- DATA EXTRACTS
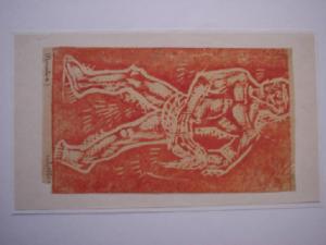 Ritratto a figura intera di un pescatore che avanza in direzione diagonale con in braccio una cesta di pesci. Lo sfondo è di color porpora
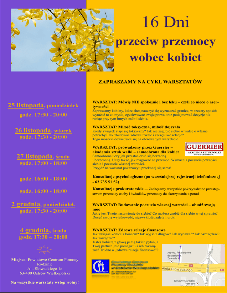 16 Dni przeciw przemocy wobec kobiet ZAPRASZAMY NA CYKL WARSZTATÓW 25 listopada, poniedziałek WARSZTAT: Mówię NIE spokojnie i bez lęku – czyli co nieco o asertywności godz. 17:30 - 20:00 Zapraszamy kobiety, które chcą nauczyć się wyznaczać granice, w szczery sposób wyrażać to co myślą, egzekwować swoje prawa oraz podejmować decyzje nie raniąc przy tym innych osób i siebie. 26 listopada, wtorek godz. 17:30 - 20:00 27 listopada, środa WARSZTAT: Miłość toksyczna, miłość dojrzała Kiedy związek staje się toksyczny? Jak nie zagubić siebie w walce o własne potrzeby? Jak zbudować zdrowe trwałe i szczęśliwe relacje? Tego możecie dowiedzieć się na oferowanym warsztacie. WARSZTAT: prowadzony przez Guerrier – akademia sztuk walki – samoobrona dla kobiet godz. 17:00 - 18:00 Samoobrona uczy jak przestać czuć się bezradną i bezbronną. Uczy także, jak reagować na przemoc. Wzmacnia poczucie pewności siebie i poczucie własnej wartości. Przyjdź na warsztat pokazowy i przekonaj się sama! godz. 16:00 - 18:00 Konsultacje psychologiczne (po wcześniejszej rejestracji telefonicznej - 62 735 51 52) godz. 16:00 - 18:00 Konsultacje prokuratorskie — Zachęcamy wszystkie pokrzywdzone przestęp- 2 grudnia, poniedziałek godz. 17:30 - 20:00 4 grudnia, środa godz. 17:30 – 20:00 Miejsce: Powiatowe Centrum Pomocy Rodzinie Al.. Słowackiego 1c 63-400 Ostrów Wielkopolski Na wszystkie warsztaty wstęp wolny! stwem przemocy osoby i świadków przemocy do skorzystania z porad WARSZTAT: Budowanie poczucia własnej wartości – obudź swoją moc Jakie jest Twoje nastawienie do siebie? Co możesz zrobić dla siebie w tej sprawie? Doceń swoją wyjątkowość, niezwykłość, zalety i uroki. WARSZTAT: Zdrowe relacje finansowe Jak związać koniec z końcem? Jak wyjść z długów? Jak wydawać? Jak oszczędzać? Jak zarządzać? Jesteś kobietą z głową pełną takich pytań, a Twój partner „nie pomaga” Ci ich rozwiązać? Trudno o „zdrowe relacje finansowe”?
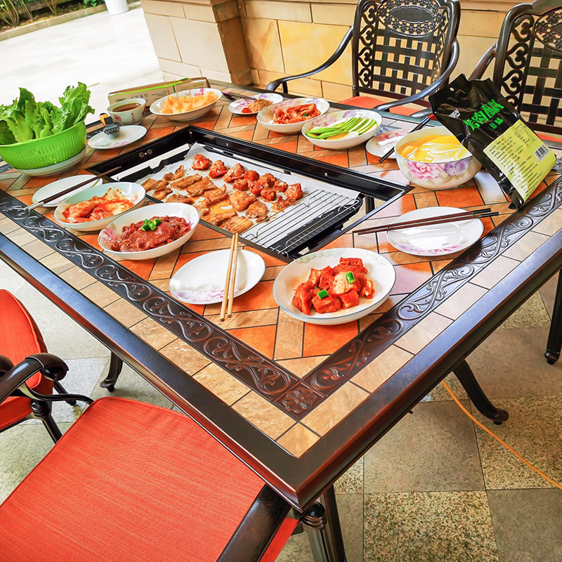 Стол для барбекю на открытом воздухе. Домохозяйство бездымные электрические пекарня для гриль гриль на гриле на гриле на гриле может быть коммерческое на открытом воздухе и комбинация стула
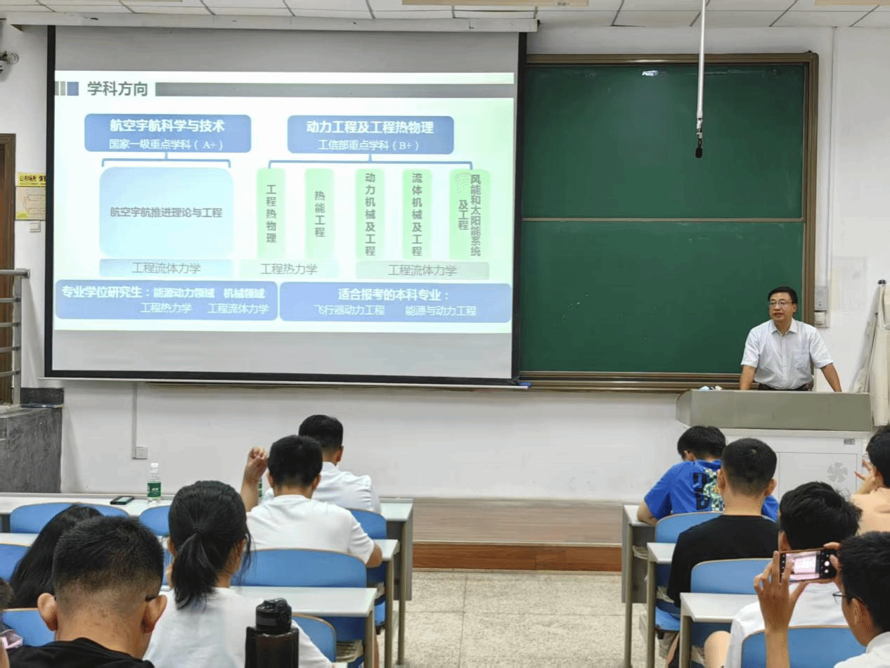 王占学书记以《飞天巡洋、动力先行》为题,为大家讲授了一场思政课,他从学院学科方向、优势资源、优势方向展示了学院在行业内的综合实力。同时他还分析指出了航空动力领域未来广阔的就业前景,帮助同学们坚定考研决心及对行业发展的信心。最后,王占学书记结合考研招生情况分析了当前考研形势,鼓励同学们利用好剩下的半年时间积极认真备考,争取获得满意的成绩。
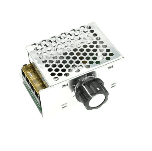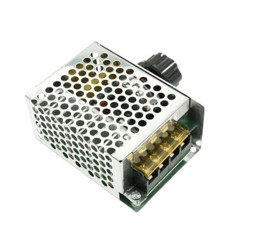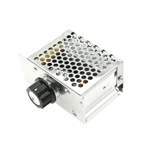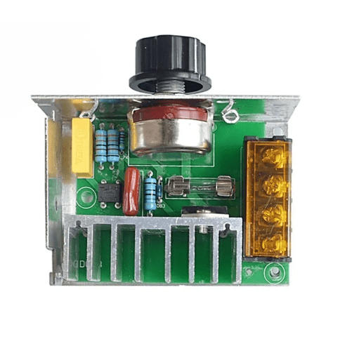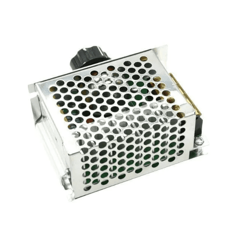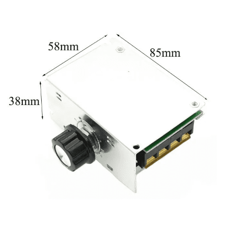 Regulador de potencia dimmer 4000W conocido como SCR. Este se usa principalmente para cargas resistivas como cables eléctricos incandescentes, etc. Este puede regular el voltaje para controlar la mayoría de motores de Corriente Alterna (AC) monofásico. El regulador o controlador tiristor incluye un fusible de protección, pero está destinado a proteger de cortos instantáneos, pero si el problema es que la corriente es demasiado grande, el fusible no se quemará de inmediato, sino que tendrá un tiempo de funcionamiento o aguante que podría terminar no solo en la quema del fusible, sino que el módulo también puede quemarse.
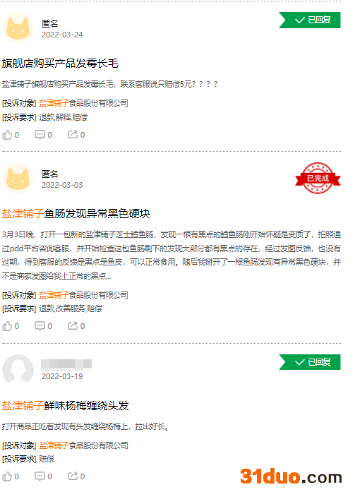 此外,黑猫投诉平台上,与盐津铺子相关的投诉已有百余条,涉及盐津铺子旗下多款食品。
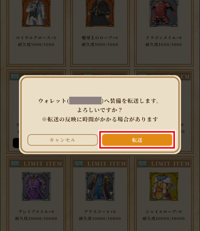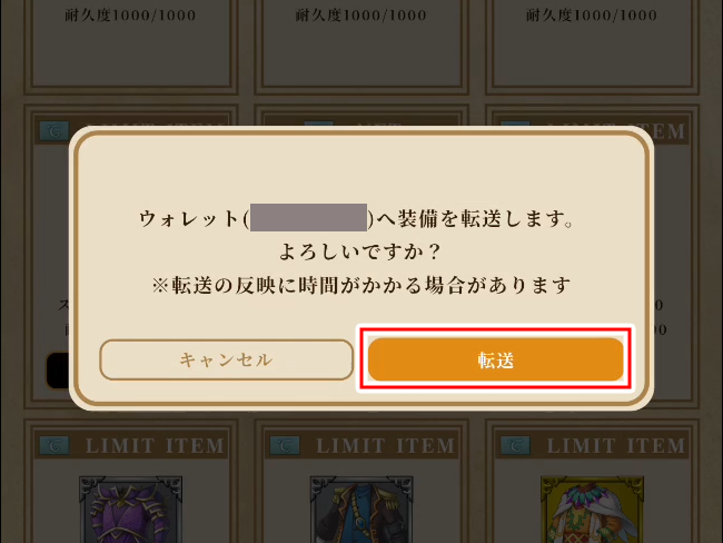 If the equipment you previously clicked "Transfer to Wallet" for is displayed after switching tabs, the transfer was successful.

- YOUR TASK
Set down every entry above again exactly, dropping each picture.

- COMPLETED EXERCISE
 Ritratto a figura intera di un pescatore che avanza in direzione diagonale con in braccio una cesta di pesci. Lo sfondo è di color porpora
 16 Dni przeciw przemocy wobec kobiet ZAPRASZAMY NA CYKL WARSZTATÓW 25 listopada, poniedziałek WARSZTAT: Mówię NIE spokojnie i bez lęku – czyli co nieco o asertywności godz. 17:30 - 20:00 Zapraszamy kobiety, które chcą nauczyć się wyznaczać granice, w szczery sposób wyrażać to co myślą, egzekwować swoje prawa oraz podejmować decyzje nie raniąc przy tym innych osób i siebie. 26 listopada, wtorek godz. 17:30 - 20:00 27 listopada, środa WARSZTAT: Miłość toksyczna, miłość dojrzała Kiedy związek staje się toksyczny? Jak nie zagubić siebie w walce o własne potrzeby? Jak zbudować zdrowe trwałe i szczęśliwe relacje? Tego możecie dowiedzieć się na oferowanym warsztacie. WARSZTAT: prowadzony przez Guerrier – akademia sztuk walki – samoobrona dla kobiet godz. 17:00 - 18:00 Samoobrona uczy jak przestać czuć się bezradną i bezbronną. Uczy także, jak reagować na przemoc. Wzmacnia poczucie pewności siebie i poczucie własnej wartości. Przyjdź na warsztat pokazowy i przekonaj się sama! godz. 16:00 - 18:00 Konsultacje psychologiczne (po wcześniejszej rejestracji telefonicznej - 62 735 51 52) godz. 16:00 - 18:00 Konsultacje prokuratorskie — Zachęcamy wszystkie pokrzywdzone przestęp- 2 grudnia, poniedziałek godz. 17:30 - 20:00 4 grudnia, środa godz. 17:30 – 20:00 Miejsce: Powiatowe Centrum Pomocy Rodzinie Al.. Słowackiego 1c 63-400 Ostrów Wielkopolski Na wszystkie warsztaty wstęp wolny! stwem przemocy osoby i świadków przemocy do skorzystania z porad WARSZTAT: Budowanie poczucia własnej wartości – obudź swoją moc Jakie jest Twoje nastawienie do siebie? Co możesz zrobić dla siebie w tej sprawie? Doceń swoją wyjątkowość, niezwykłość, zalety i uroki. WARSZTAT: Zdrowe relacje finansowe Jak związać koniec z końcem? Jak wyjść z długów? Jak wydawać? Jak oszczędzać? Jak zarządzać? Jesteś kobietą z głową pełną takich pytań, a Twój partner „nie pomaga” Ci ich rozwiązać? Trudno o „zdrowe relacje finansowe”?
 Стол для барбекю на открытом воздухе. Домохозяйство бездымные электрические пекарня для гриль гриль на гриле на гриле на гриле может быть коммерческое на открытом воздухе и комбинация стула
 王占学书记以《飞天巡洋、动力先行》为题,为大家讲授了一场思政课,他从学院学科方向、优势资源、优势方向展示了学院在行业内的综合实力。同时他还分析指出了航空动力领域未来广阔的就业前景,帮助同学们坚定考研决心及对行业发展的信心。最后,王占学书记结合考研招生情况分析了当前考研形势,鼓励同学们利用好剩下的半年时间积极认真备考,争取获得满意的成绩。
 Regulador de potencia dimmer 4000W conocido como SCR. Este se usa principalmente para cargas resistivas como cables eléctricos incandescentes, etc. Este puede regular el voltaje para controlar la mayoría de motores de Corriente Alterna (AC) monofásico. El regulador o controlador tiristor incluye un fusible de protección, pero está destinado a proteger de cortos instantáneos, pero si el problema es que la corriente es demasiado grande, el fusible no se quemará de inmediato, sino que tendrá un tiempo de funcionamiento o aguante que podría terminar no solo en la quema del fusible, sino que el módulo también puede quemarse.
 此外,黑猫投诉平台上,与盐津铺子相关的投诉已有百余条,涉及盐津铺子旗下多款食品。
 If the equipment you previously clicked "Transfer to Wallet" for is displayed after switching tabs, the transfer was successful.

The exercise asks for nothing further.